I found this article about Ben Franklin in the Smithsonian Mag. Found it interesting..thought Id share.

http://www.smithsonianmag.com/histo...-Franklin-Met-the-Battlefield.html?c=y&page=1



> Throughout the Gnadenhütten campaign, as was his wont, Franklin had a keen eye for improvement. When attendance slacked at daily prayer, Franklin suggested to the Rev. Charles Beatty that unless the clergyman found it offensive, he would order the daily ration of rum be made available only at the conclusion of divine service; attendance jumped.


----------



## AWP (Nov 27, 2010)

Great find. People don't realize how "deep" the Smithsonian's web presence can be. The Air and Space mag alone has online archives going back ot 2000 and covers a range of topics related to aviation.

You can lose yourself on their website for days on end.


----------



## Chopstick (Nov 27, 2010)

Freefalling said:


> You can lose yourself on their website for days on end.


If you dont see me thats what happens.  ;)


----------



## ÉIREGOBRÁCH1922 (Nov 30, 2010)

A great read.


----------



## SpitfireV (Nov 30, 2010)

Chopstick said:


> If you dont see me thats what happens.  ;)

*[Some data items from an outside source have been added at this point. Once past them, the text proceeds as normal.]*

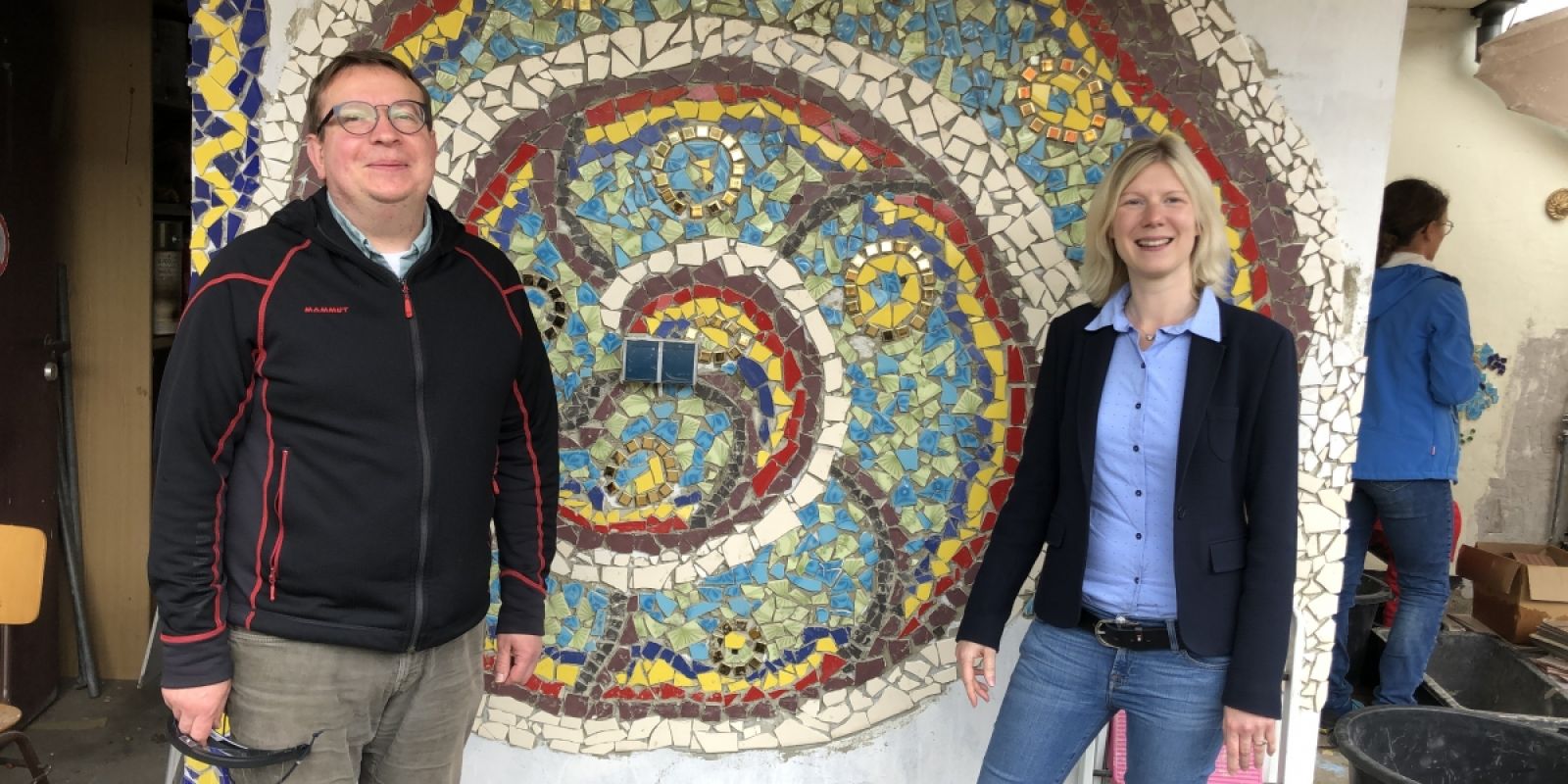 Die jungen Menschen interessieren sich für Zukunftsthemen, ihre Berufe, weniger Politik, aber dennoch gibt es gesellschaftsrelevante Themen, die manch Jungendlichen bewegen. Am Ende schauten sich die Abgeordnete und der Leiter gemeinsam die neu entstandenen Kunstwerke im Außenbereich an und lobten alle, die dort binnen weniger Tage für ein gelingendes Mosaik sorgen und gerne auf eine Pause verzichten, denn sie haben so viel Spaß beim Werkeln. „Ihr macht das toll, viel Freude wünsche ich euch“, beendete Jenny Groß ihren Besuch und dankte für den konstruktiven und kurzweiligen Austausch.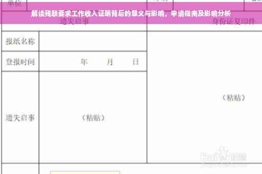 近年来,随着国家对残疾人权益保障的重视,残联作为代表残疾人群体的组织,承担着为残疾人争取权益、提供帮助的重要职责,为了更好地保障残疾人的权益,残联制定了一系列政策,其中之一便是要求申请者在申请相关福利时提供工作收入证明,这一规定的出台,旨在确保福利资金的公平、公正分配,避免不必要的浪费。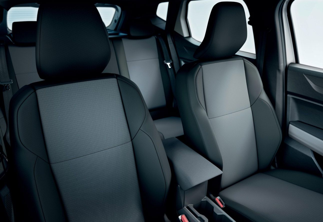 Materialul textil este deosebit de rezistent, dar în același timp plăcut la atingere, garantând confort chiar și în timpul călătoriilor lungi. Țesătura nu se scămoșează, nu se decolorează și își păstrează aspectul impecabil în timp. Combinația negru–gri texturat se integrează perfect în estetica habitaclului Bigster, conferindu-i un aspect modern și coerent cu stilul robust al modelului.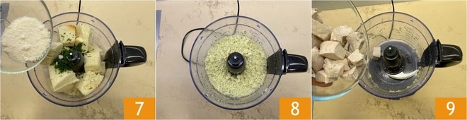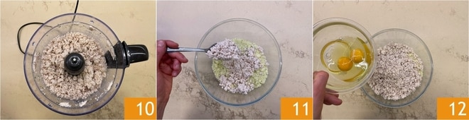 Adicione também o Grana Padano DOP ralado 7, uma pitada de sal e triture tudo até obter migalhas 8. Transfira depois para uma tigela grande e coloque o peixe-espada no mixer 9, sem lavá-lo.

Not passed out drunk after having been inspired by the colour of a smilie?


----------



## SpitfireV (Nov 30, 2010)

On topic, I find Ben Franklin a fascinating guy. I don't know how he manged to fit all that nation buildin', slave humping and science into his daily schedule.


----------



## Diamondback 2/2 (Nov 30, 2010)

Wow I had no idea that Benjamin Franklin was a militia commander, and sounds like he was a pretty good one to boot. This is a great article and answers a lot of questions I had once had about him, excellent find.


----------



## Marauder06 (Nov 30, 2010)

All I had heard about Franklin prior to this was that he was a pretty smart dude and that the ladies in Paris loved him.


----------



## JBS (Dec 8, 2010)




----------



## Chopstick (Dec 9, 2010)

LMFAO JBS!


----------